> Work to be completed
Repeat the listing that follows, character for character, minus the pictures.

> Source records
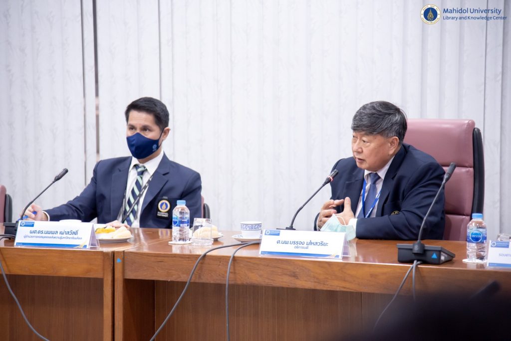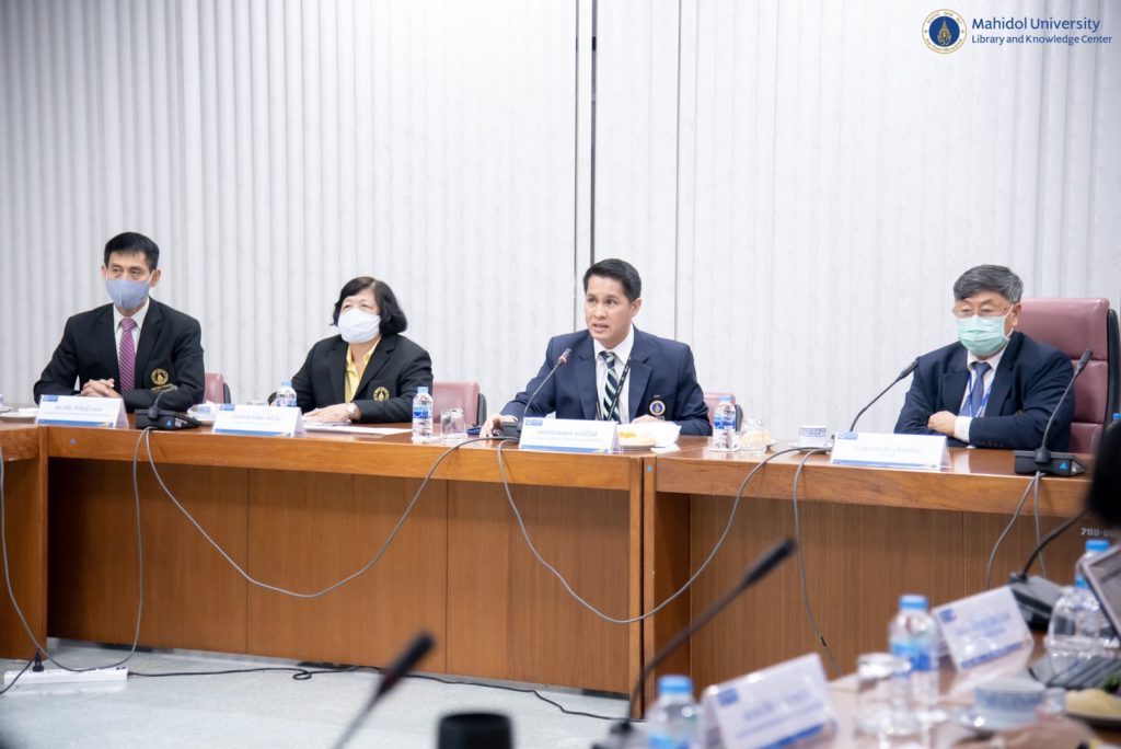 เมื่อวันที่ 21 ตุลาคม 2563 เวลา 08.45 – 10.15 น. ศาสตราจารย์ นายแพทย์บรรจง มไหสวริยะ อธิการบดีมหาวิทยาลัยมหิดล พร้อมด้วยคณะผู้บริหารมหาวิทยาลัยมหิดล เข้ารับฟังข้อตกลงการปฏิบัติงานของส่วนงาน (PA-Visit) ประจำปีงบประมาณ 2564 ของหอสมุดและคลังความรู้มหาวิทยาลัยมหิดล โดยมี ผู้ช่วยศาสตราจารย์ ดร. นพพล เผ่าสวัสดิ์ ผู้อำนวยการ หอสมุดและคลังความรู้มหาวิทยาลัยมหิดล พร้อมด้วยคณะผู้บริหารให้การต้อนรับตามลำดับ ในการนี้ อธิการบดีได้มอบหมายทิศทางการบริหารมหาวิทยาลัย พร้อมแลกเปลี่ยนข้อคิดเห็นร่วมกันระหว่างมหาวิทยาลัยและส่วนงาน
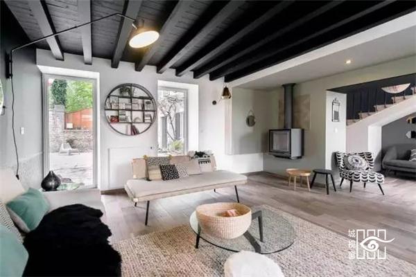 客厅的中巧妙的空间布局以及温馨的处理效果都运用得恰到好处。时尚的软装搭配让客厅变得有温度,圆形的钢制书架让整个空间都充满质感。
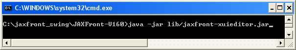 To run JAXFront (XUI-Editor) just start the XUIEditor.bat located in your JAXFront installation directory.
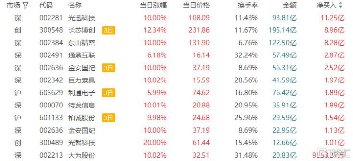 龙虎榜单日净买入额前三为光迅科技、东山精密、通鼎互联,折柳为11.25亿元、8.28亿元、2.87亿元。
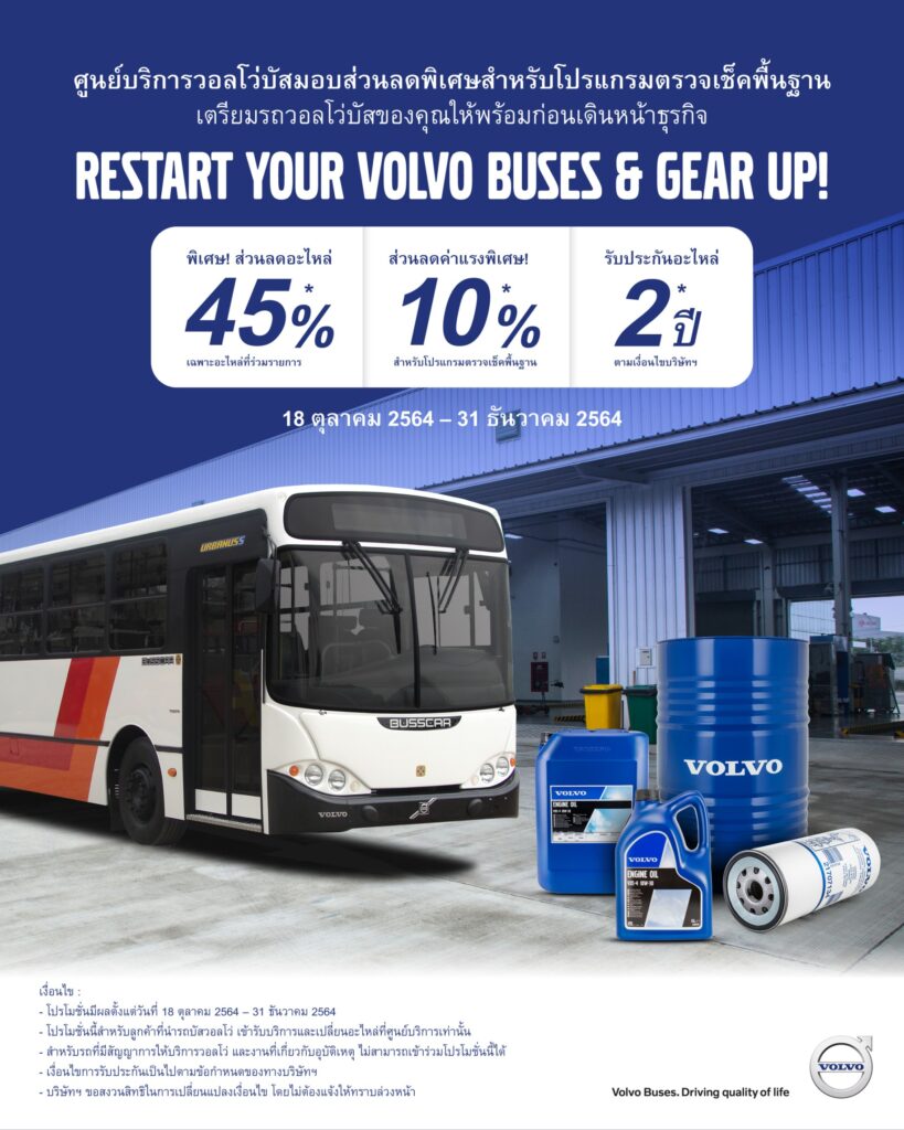 บริษัท วอลโว่ บัส (ประเทศไทย) จำกัด ซึ่งเป็นผลิตและจัดจำหน่ายรถบัสสายพันธุ์สวีเดน วอลโว่ บัส อย่างเป็นทางการในประเทศไทย เชิญชวนลูกค้านำรถวอลโว่ บัส เข้ารับการตรวจเช็คใหญ่เพื่อรับกับนโยบายการเปิดประเทศต้อนรับนักท่องเที่ยวของรัฐบาล โดยจัดโปรโมชันพิเศษสำหรับการเข้าเช็คใหญ่ ภายใต้แคมเปญ “Restart Your Volvo Buses and Gear Up” โดยลดค่าอะไหล่ที่ร่วมรายการ 45%

> Output
 เมื่อวันที่ 21 ตุลาคม 2563 เวลา 08.45 – 10.15 น. ศาสตราจารย์ นายแพทย์บรรจง มไหสวริยะ อธิการบดีมหาวิทยาลัยมหิดล พร้อมด้วยคณะผู้บริหารมหาวิทยาลัยมหิดล เข้ารับฟังข้อตกลงการปฏิบัติงานของส่วนงาน (PA-Visit) ประจำปีงบประมาณ 2564 ของหอสมุดและคลังความรู้มหาวิทยาลัยมหิดล โดยมี ผู้ช่วยศาสตราจารย์ ดร. นพพล เผ่าสวัสดิ์ ผู้อำนวยการ หอสมุดและคลังความรู้มหาวิทยาลัยมหิดล พร้อมด้วยคณะผู้บริหารให้การต้อนรับตามลำดับ ในการนี้ อธิการบดีได้มอบหมายทิศทางการบริหารมหาวิทยาลัย พร้อมแลกเปลี่ยนข้อคิดเห็นร่วมกันระหว่างมหาวิทยาลัยและส่วนงาน
 客厅的中巧妙的空间布局以及温馨的处理效果都运用得恰到好处。时尚的软装搭配让客厅变得有温度,圆形的钢制书架让整个空间都充满质感。
 To run JAXFront (XUI-Editor) just start the XUIEditor.bat located in your JAXFront installation directory.
 龙虎榜单日净买入额前三为光迅科技、东山精密、通鼎互联,折柳为11.25亿元、8.28亿元、2.87亿元。
 บริษัท วอลโว่ บัส (ประเทศไทย) จำกัด ซึ่งเป็นผลิตและจัดจำหน่ายรถบัสสายพันธุ์สวีเดน วอลโว่ บัส อย่างเป็นทางการในประเทศไทย เชิญชวนลูกค้านำรถวอลโว่ บัส เข้ารับการตรวจเช็คใหญ่เพื่อรับกับนโยบายการเปิดประเทศต้อนรับนักท่องเที่ยวของรัฐบาล โดยจัดโปรโมชันพิเศษสำหรับการเข้าเช็คใหญ่ ภายใต้แคมเปญ “Restart Your Volvo Buses and Gear Up” โดยลดค่าอะไหล่ที่ร่วมรายการ 45%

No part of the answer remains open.